Patch: reassigns fuel codes in the gf table that don't match the fuel code in the gens table.

adjust_energy_source_codes(→ pandas.DataFrame)

Adjusts MSW codes.

allocate_bf_data_to_gens(→ pandas.DataFrame)

Allocates boiler fuel data to the generator level.

warn_if_missing_pms(gens)

Log warning if there are too many null prime_mover_code s.

_test_frac(gen_pm_fuel)

Check if each of the IDX_PM_ESC groups frac's add up to 1.

_test_gen_pm_fuel_output(gen_pm_fuel, gf, gen)

test_gen_fuel_allocation(gen, net_gen_alloc[, ratio])

Does the allocated MWh differ from the granular generation_eia923?

test_original_gf_vs_the_allocated_by_gens_gf(...)

Test whether the allocated data and original data sum up to similar values.

Attributes#

logger

IDX_GENS

Primary key columns for generator records.

IDX_GENS_PM_ESC

Primary key columns for plant, generator, prime mover & energy source records.

IDX_PM_ESC

Primary key columns for plant, prime mover & energy source records.

IDX_B_PM_ESC

Primary key columns for plant, boiler, prime mover & energy source records.

IDX_ESC

Primary key columns for plant & energy source records.

IDX_UNIT_ESC

Primary key columns for plant, energy source & unit records.

DATA_COLUMNS

Data columns from generation_fuel_eia923 that are being allocated.

MISSING_SENTINEL

A sentinel value for dealing with null or zero values.

pudl.analysis.allocate_net_gen.logger[source]#
pudl.analysis.allocate_net_gen.IDX_GENS = ['report_date', 'plant_id_eia', 'generator_id'][source]#

Primary key columns for generator records.

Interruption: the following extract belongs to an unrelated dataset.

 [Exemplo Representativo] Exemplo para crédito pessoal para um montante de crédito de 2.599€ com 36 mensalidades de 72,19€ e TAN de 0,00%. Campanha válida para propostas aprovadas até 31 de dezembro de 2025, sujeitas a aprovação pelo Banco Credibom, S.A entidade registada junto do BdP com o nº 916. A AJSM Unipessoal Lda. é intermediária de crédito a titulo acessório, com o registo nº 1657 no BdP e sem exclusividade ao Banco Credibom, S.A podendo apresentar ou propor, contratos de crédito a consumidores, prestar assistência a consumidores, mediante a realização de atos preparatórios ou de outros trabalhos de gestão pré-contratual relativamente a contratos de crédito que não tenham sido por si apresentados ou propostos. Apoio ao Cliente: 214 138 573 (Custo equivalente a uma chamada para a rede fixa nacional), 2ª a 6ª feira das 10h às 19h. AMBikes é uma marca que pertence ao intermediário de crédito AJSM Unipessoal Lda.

pudl.analysis.allocate_net_gen.IDX_GENS_PM_ESC = ['report_date', 'plant_id_eia', 'generator_id', 'prime_mover_code', 'energy_source_code'][source]#

Primary key columns for plant, generator, prime mover & energy source records.

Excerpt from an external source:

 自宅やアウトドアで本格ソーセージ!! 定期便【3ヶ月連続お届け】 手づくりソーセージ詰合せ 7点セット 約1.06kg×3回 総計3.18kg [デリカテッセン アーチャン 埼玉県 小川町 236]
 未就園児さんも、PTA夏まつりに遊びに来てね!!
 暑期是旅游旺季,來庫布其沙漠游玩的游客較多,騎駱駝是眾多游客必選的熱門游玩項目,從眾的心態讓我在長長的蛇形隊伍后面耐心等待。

pudl.analysis.allocate_net_gen.IDX_PM_ESC = ['report_date', 'plant_id_eia', 'energy_source_code', 'prime_mover_code'][source]#

Primary key columns for plant, prime mover & energy source records.

pudl.analysis.allocate_net_gen.IDX_B_PM_ESC = ['report_date', 'plant_id_eia', 'boiler_id', 'energy_source_code', 'prime_mover_code'][source]#

Primary key columns for plant, boiler, prime mover & energy source records.

pudl.analysis.allocate_net_gen.IDX_ESC = ['report_date', 'plant_id_eia', 'energy_source_code'][source]#

Primary key columns for plant & energy source records.

pudl.analysis.allocate_net_gen.IDX_UNIT_ESC = ['report_date', 'plant_id_eia', 'energy_source_code', 'unit_id_pudl'][source]#

Primary key columns for plant, energy source & unit records.

pudl.analysis.allocate_net_gen.DATA_COLUMNS = ['net_generation_mwh', 'fuel_consumed_mmbtu', 'fuel_consumed_for_electricity_mmbtu'][source]#

Data columns from generation_fuel_eia923 that are being allocated.

pudl.analysis.allocate_net_gen.MISSING_SENTINEL = 1e-05[source]#

A sentinel value for dealing with null or zero values.

  1. Zero’s in the relevant data columns get filled in with the sentinel value in associate_generator_tables(). At this stage all of the zeros from the original data that are now associated with generators, prime mover codes and energy source codes.

  2. All of the nulls in the relevant data columns are filled with the sentinel value in prep_alloction_fraction(). (Could this also be done in associate_generator_tables()?)

  3. After the allocation of net generation (within allocate_net_gen_by_gen_esc() and allocate_fuel_by_gen_esc() via remove_aggregated_sentinel_value()), convert all of the aggregated values that are between 0 and twenty times this sentinel value back to zero’s. This is meant to find all instances of aggregated sentinel values. We avoid any negative values because there are instances of negative orignal values - especially negative net generation.

pudl.analysis.allocate_net_gen.allocate_gen_fuel_by_generator_energy_source(pudl_out, drop_interim_cols: bool = True)[source]#

Allocate net gen from gen_fuel table to the generator/energy_source_code level.

Three main steps here:
  • grab the three input tables from pudl_out with only the needed columns

  • associate generation_fuel_eia923 table data w/ generators

  • allocate generation_fuel_eia923 table data proportionally

The association process happens via associate_generator_tables().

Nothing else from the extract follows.